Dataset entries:
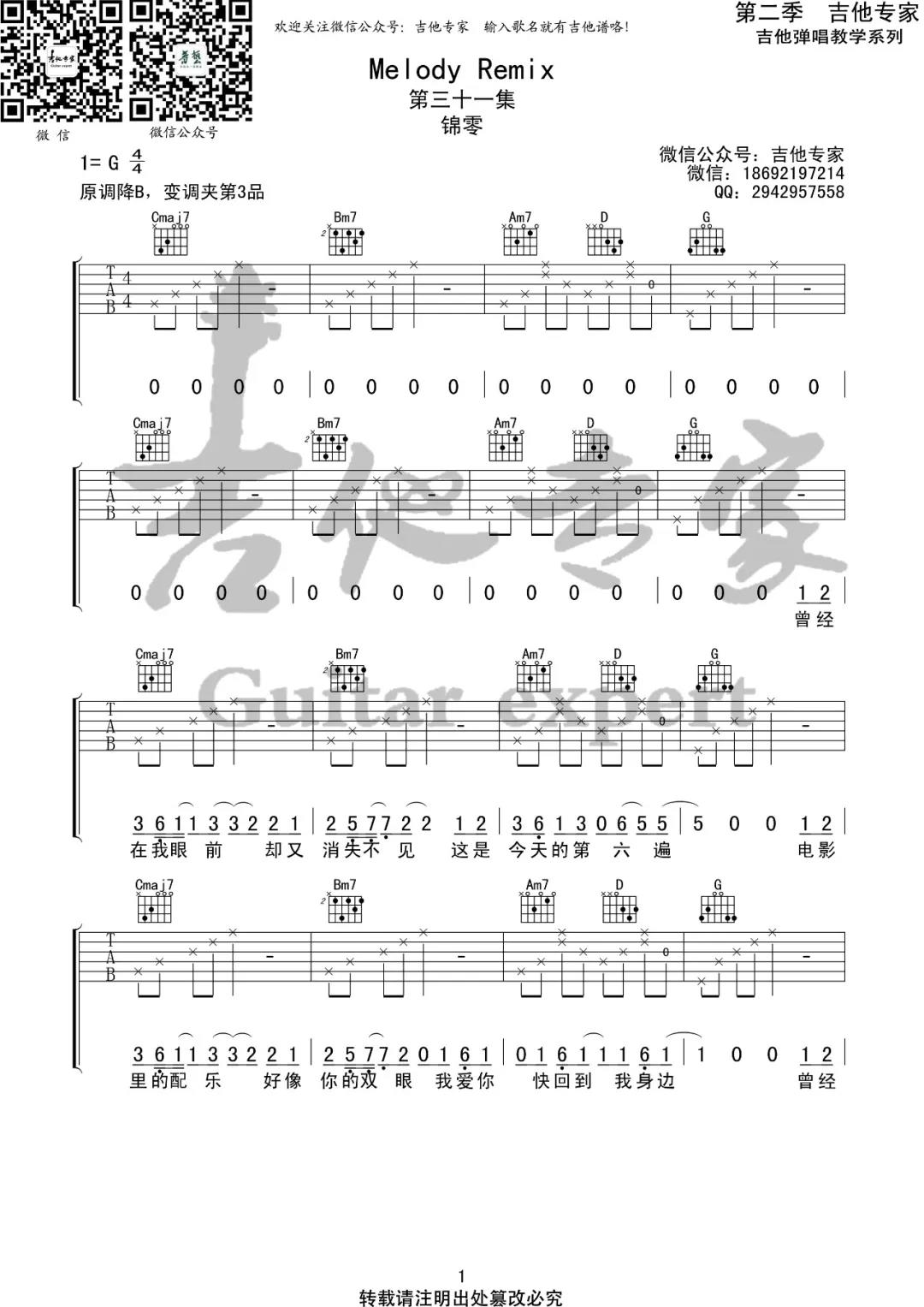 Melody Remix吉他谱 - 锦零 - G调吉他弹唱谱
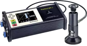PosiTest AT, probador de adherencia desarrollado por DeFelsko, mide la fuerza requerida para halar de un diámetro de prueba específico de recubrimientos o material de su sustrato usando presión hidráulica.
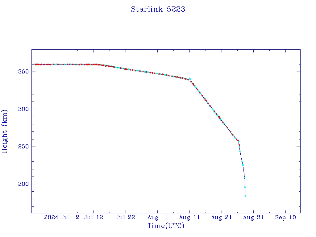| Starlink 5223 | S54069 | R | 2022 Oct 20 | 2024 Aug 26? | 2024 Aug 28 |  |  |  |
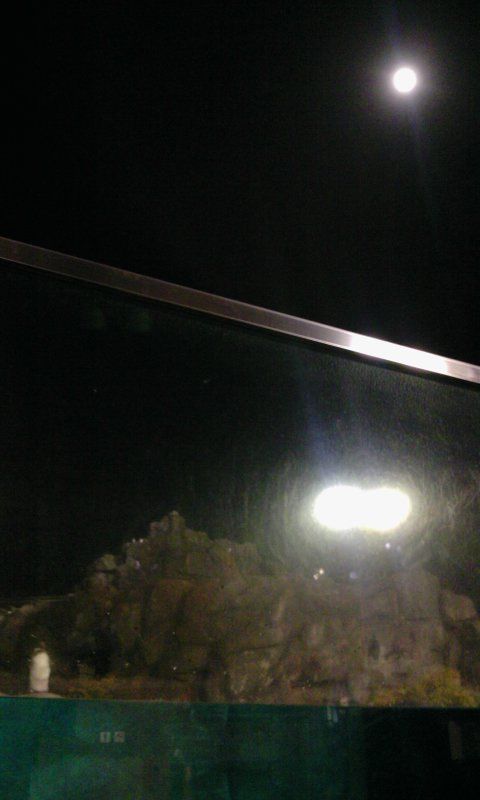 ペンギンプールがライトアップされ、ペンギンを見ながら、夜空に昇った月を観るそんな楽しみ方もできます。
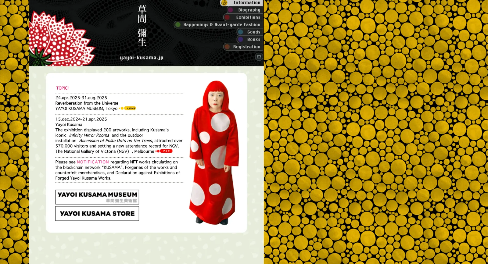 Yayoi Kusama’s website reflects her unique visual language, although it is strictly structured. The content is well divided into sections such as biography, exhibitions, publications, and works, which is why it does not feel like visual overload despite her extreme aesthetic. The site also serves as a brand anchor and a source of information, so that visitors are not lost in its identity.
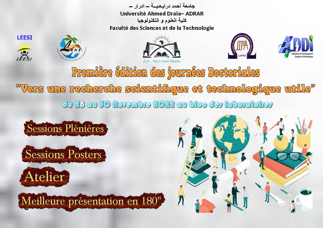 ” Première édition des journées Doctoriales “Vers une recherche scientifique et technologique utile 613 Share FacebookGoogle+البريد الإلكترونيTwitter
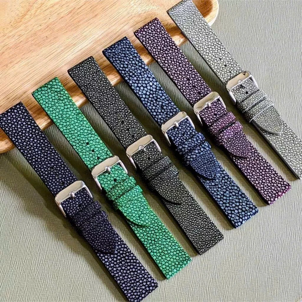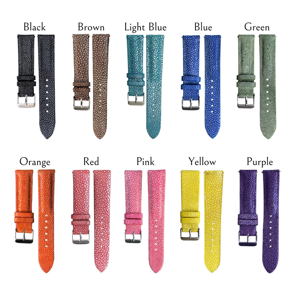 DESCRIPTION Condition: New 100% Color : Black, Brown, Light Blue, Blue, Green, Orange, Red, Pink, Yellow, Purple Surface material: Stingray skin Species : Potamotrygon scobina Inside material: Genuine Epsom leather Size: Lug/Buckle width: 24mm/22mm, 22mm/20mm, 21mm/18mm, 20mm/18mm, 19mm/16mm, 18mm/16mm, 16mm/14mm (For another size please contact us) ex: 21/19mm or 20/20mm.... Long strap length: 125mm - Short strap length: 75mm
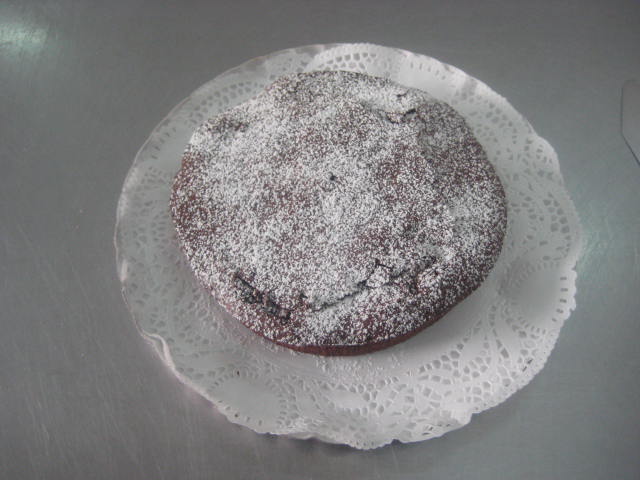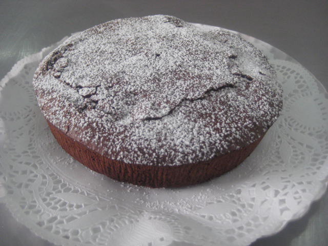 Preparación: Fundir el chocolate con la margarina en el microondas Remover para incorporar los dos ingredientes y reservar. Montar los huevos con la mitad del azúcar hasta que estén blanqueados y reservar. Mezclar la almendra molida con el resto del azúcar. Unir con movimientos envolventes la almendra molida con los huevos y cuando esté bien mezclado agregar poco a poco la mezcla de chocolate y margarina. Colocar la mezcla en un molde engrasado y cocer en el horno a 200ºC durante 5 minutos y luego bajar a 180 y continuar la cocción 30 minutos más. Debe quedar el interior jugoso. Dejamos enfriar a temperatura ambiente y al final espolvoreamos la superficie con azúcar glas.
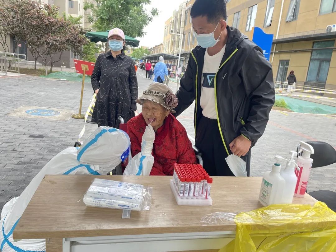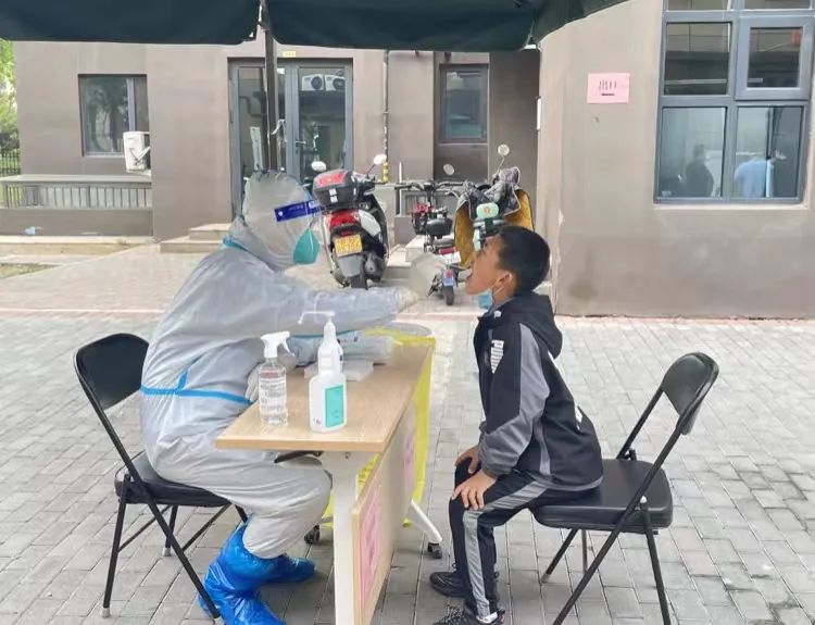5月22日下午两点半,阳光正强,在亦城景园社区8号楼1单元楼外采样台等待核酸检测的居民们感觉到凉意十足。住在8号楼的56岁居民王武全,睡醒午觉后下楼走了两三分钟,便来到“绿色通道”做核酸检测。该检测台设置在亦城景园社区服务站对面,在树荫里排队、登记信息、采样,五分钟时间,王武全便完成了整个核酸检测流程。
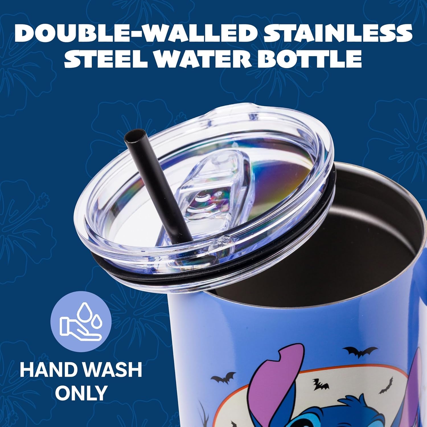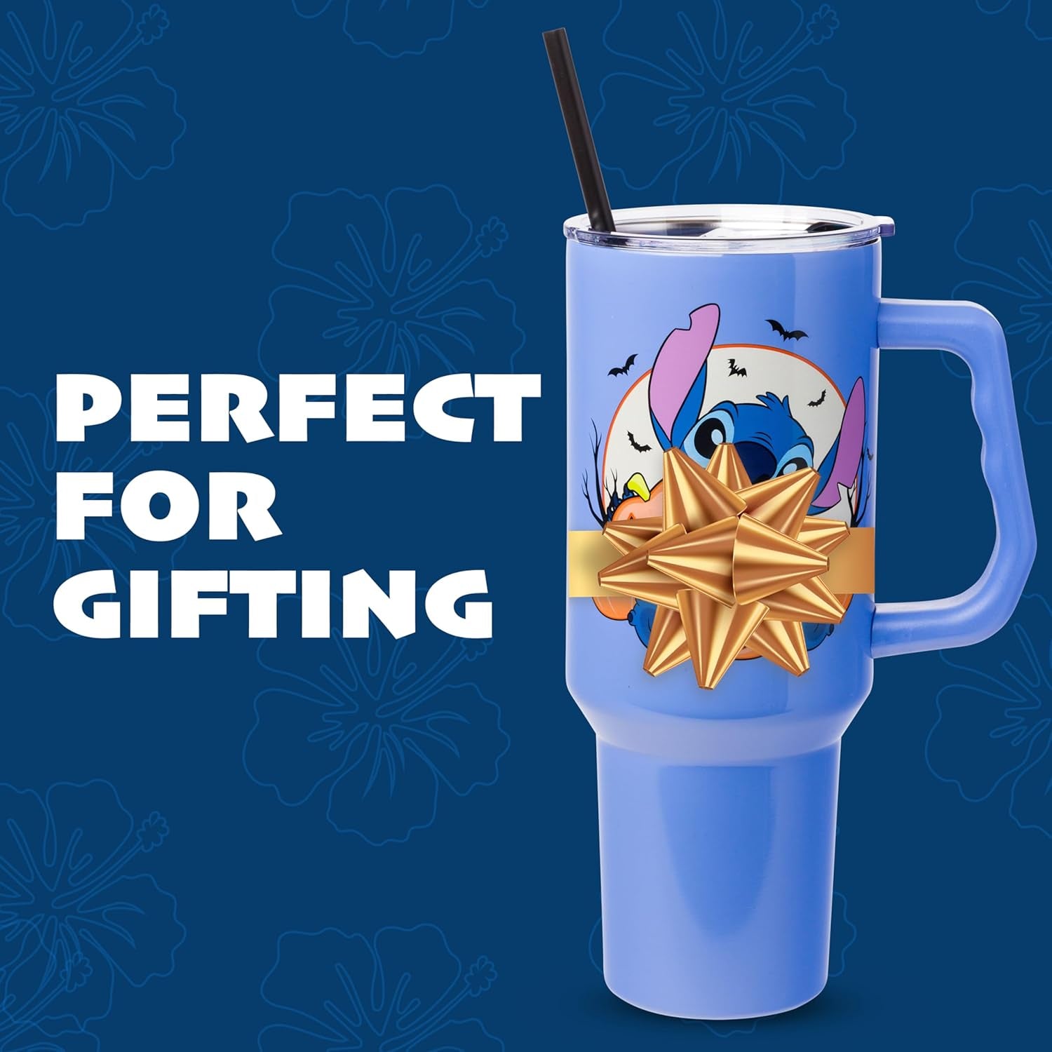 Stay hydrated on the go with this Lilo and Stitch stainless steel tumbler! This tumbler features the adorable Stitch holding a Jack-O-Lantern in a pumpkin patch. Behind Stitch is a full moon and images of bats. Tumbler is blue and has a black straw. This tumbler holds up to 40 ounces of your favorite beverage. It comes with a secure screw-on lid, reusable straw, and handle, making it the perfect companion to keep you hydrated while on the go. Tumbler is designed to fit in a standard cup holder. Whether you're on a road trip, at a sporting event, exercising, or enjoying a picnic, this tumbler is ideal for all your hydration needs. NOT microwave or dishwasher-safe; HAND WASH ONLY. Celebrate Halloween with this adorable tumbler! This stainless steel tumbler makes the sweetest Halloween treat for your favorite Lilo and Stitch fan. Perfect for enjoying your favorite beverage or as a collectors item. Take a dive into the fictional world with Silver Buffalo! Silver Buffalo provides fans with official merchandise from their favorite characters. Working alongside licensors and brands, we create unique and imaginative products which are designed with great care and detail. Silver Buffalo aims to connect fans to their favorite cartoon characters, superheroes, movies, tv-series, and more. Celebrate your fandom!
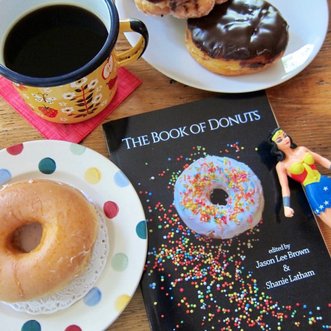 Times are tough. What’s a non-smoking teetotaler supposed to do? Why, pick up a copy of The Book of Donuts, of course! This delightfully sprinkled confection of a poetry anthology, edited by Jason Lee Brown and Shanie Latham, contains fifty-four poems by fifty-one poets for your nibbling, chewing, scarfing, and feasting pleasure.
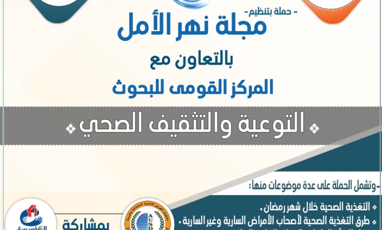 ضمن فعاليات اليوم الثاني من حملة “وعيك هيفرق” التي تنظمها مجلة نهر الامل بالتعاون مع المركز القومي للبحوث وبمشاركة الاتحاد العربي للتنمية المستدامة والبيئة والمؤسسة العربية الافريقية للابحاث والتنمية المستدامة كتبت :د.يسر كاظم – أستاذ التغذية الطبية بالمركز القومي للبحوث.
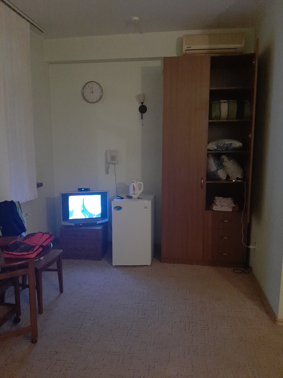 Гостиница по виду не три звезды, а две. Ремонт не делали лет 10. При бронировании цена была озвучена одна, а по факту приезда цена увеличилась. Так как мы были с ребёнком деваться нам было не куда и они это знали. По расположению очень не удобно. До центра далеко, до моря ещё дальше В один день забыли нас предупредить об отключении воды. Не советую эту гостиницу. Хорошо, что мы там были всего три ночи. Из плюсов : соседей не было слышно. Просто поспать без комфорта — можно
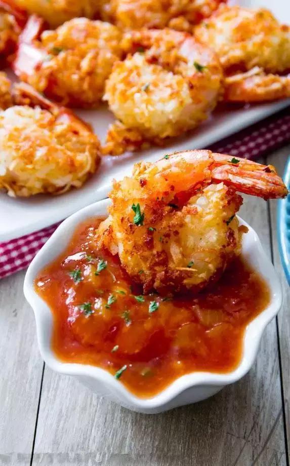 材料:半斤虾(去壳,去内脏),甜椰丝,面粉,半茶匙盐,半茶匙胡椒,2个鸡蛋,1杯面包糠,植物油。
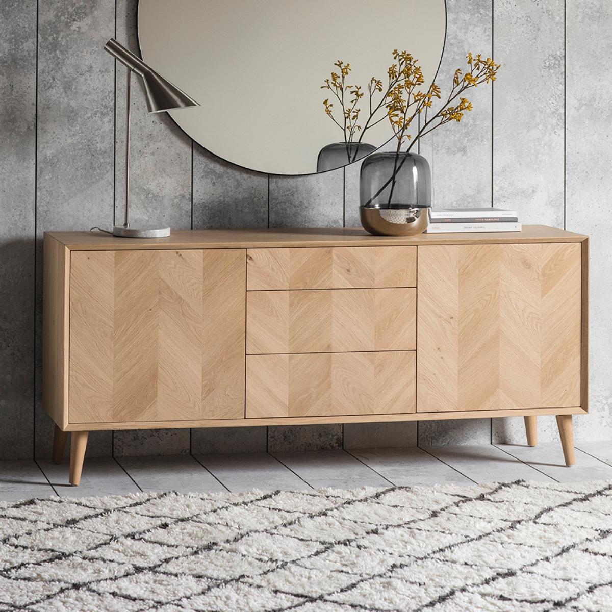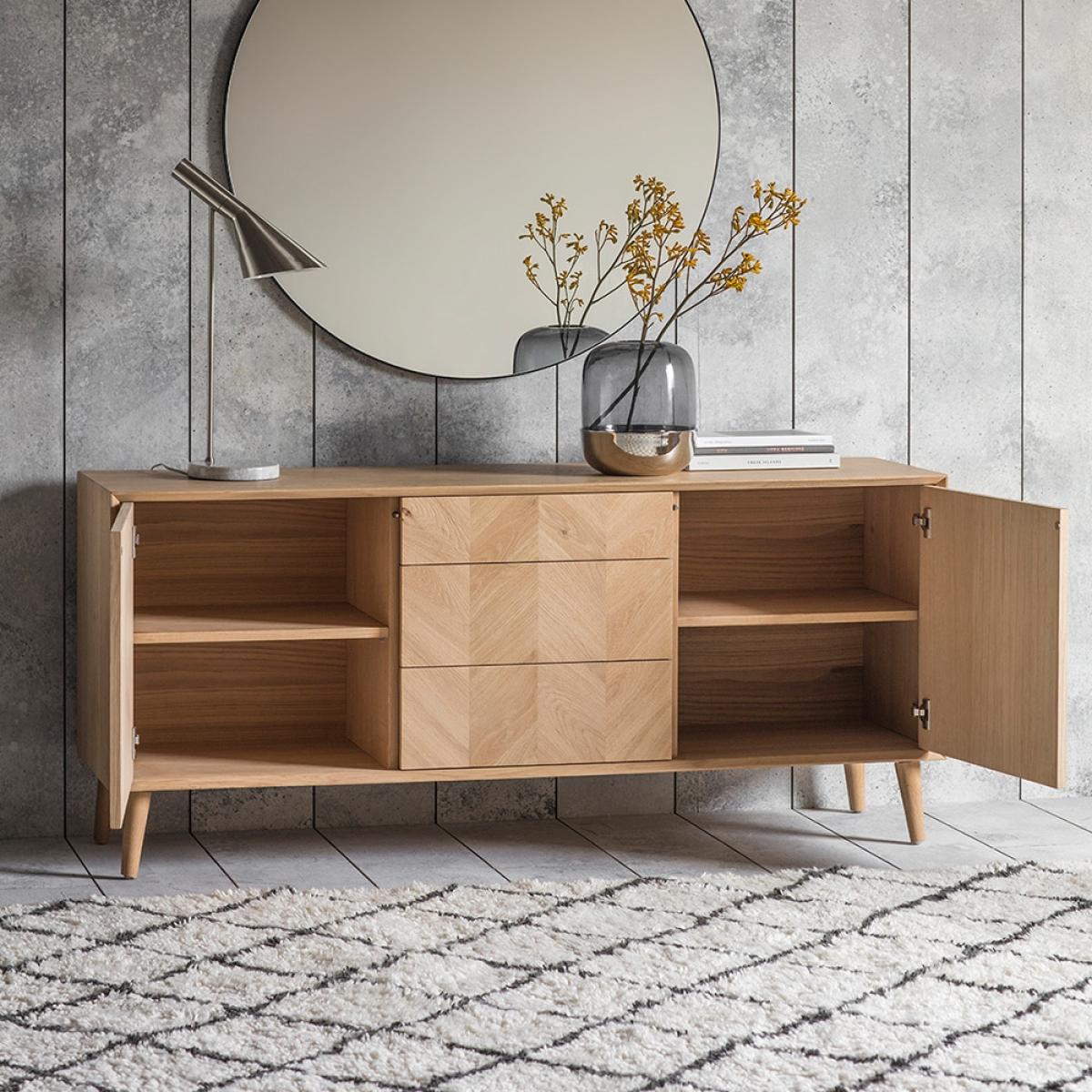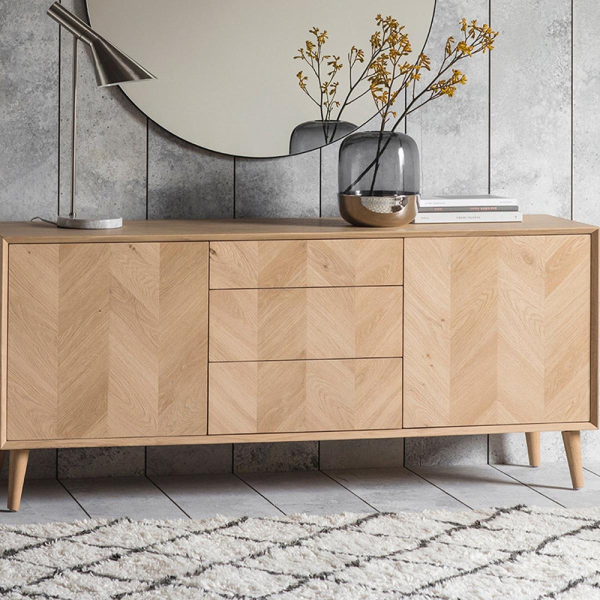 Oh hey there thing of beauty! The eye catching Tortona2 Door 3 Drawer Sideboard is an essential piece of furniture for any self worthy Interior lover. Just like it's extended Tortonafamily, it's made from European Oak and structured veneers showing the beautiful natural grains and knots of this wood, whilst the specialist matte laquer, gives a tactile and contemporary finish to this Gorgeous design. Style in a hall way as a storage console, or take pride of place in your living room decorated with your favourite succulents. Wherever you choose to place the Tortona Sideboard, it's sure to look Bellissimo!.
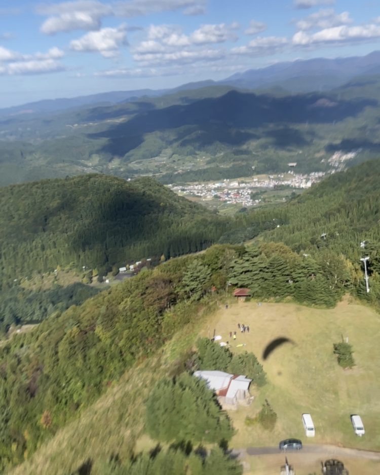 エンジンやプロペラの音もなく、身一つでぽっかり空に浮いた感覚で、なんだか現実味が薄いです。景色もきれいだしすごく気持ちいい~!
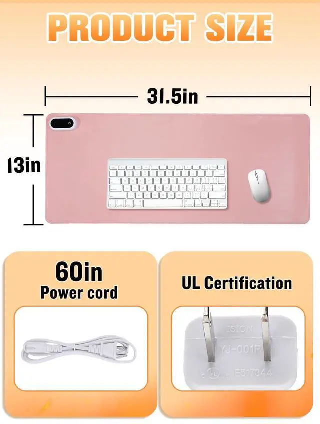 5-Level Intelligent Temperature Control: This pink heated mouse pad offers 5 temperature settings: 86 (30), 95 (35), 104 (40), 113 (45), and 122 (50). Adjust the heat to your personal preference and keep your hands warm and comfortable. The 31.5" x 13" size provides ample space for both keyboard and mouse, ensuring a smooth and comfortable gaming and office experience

▶ PROBLEM DETAILS: Your reply should consist solely of the lines above, from the opening line through the line with "5月22日下午两点半,阳光正", reproduced exactly and without pictures.

▶ FINISHED TASK:
 Melody Remix吉他谱 - 锦零 - G调吉他弹唱谱
PosiTest AT, probador de adherencia desarrollado por DeFelsko, mide la fuerza requerida para halar de un diámetro de prueba específico de recubrimientos o material de su sustrato usando presión hidráulica.
| Starlink 5223 | S54069 | R | 2022 Oct 20 | 2024 Aug 26? | 2024 Aug 28 |  |  |  |
 ペンギンプールがライトアップされ、ペンギンを見ながら、夜空に昇った月を観るそんな楽しみ方もできます。
 Yayoi Kusama’s website reflects her unique visual language, although it is strictly structured. The content is well divided into sections such as biography, exhibitions, publications, and works, which is why it does not feel like visual overload despite her extreme aesthetic. The site also serves as a brand anchor and a source of information, so that visitors are not lost in its identity.
 ” Première édition des journées Doctoriales “Vers une recherche scientifique et technologique utile 613 Share FacebookGoogle+البريد الإلكترونيTwitter
 DESCRIPTION Condition: New 100% Color : Black, Brown, Light Blue, Blue, Green, Orange, Red, Pink, Yellow, Purple Surface material: Stingray skin Species : Potamotrygon scobina Inside material: Genuine Epsom leather Size: Lug/Buckle width: 24mm/22mm, 22mm/20mm, 21mm/18mm, 20mm/18mm, 19mm/16mm, 18mm/16mm, 16mm/14mm (For another size please contact us) ex: 21/19mm or 20/20mm.... Long strap length: 125mm - Short strap length: 75mm
 Preparación: Fundir el chocolate con la margarina en el microondas Remover para incorporar los dos ingredientes y reservar. Montar los huevos con la mitad del azúcar hasta que estén blanqueados y reservar. Mezclar la almendra molida con el resto del azúcar. Unir con movimientos envolventes la almendra molida con los huevos y cuando esté bien mezclado agregar poco a poco la mezcla de chocolate y margarina. Colocar la mezcla en un molde engrasado y cocer en el horno a 200ºC durante 5 minutos y luego bajar a 180 y continuar la cocción 30 minutos más. Debe quedar el interior jugoso. Dejamos enfriar a temperatura ambiente y al final espolvoreamos la superficie con azúcar glas.
5月22日下午两点半,阳光正强,在亦城景园社区8号楼1单元楼外采样台等待核酸检测的居民们感觉到凉意十足。住在8号楼的56岁居民王武全,睡醒午觉后下楼走了两三分钟,便来到“绿色通道”做核酸检测。该检测台设置在亦城景园社区服务站对面,在树荫里排队、登记信息、采样,五分钟时间,王武全便完成了整个核酸检测流程。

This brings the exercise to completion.